The CDR will expand to include non-bank lending data early in 2024, with the aim of being operational by the middle of 2026 (providing a transition period). Treasury is finalising industry consultation.
At last year's CEDA address, the Assistant Treasurer announced that no further expansion would happen until after a strategic review to be conducted at the end of 2024. This paused the previously anticipated rollouts to telecommunications and insurance sectors (CDR had already rolled out to the banking sector in 2020, and the energy sector in 2022).
In October 2023, Treasury consulted on draft rules covering non-bank lending (NBL), including "buy now, pay later" (BNPL) products. You can read more about the rules in our earlier publication.
Over the next 12 months, Treasury will also advise the Assistant Treasurer on a way forward for a full and formal ban of screen scraping. The Assistant Treasurer’s announcement is clear about the intention, mentioning that “it is fundamentally unsafe”.
This follows a consultation in October 2023 on policy and regulatory implications of screen scraping, which sought views on the recommendation of the 2022 Statutory Review of the CDR to ban screen scraping where the CDR is a viable alternative.

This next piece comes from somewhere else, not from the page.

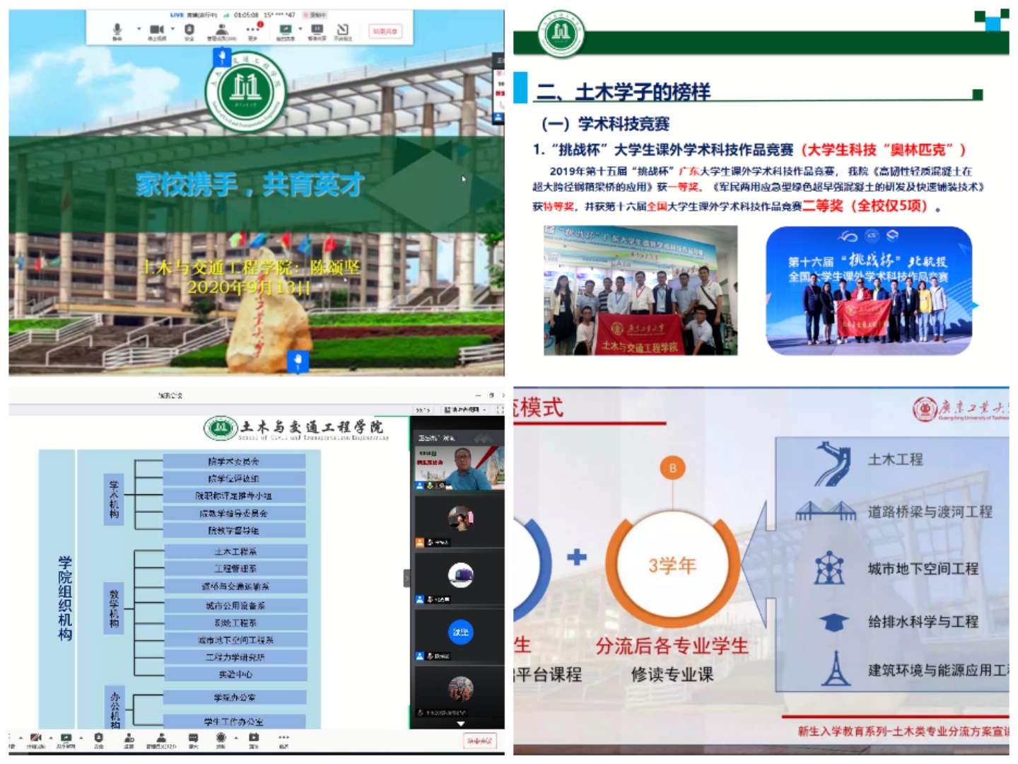 9月13日下午,我院举行了线上家长会,院长刘锋、党委副书记陈颂坚、副院长何嘉年分别就校史院情、学院学生工作、土木专业分流情况和家长们进行了交流。

Screen scraping (also referred to as data aggregation) is a commonly used alternative to CDR data sharing. The practice involves prompting a consumer to log into their account via a third-party service, with the service extracting the data displayed "on screen", and sharing that with another provider or service. Critics highlight that it involves unsafe data practices that increase fraud and cyber security risks.
A bill to bring action initiation to the CDR was passed unamended on Thursday 15 August 2024, with bipartisan support. You can read more about action initiation in our earlier publication.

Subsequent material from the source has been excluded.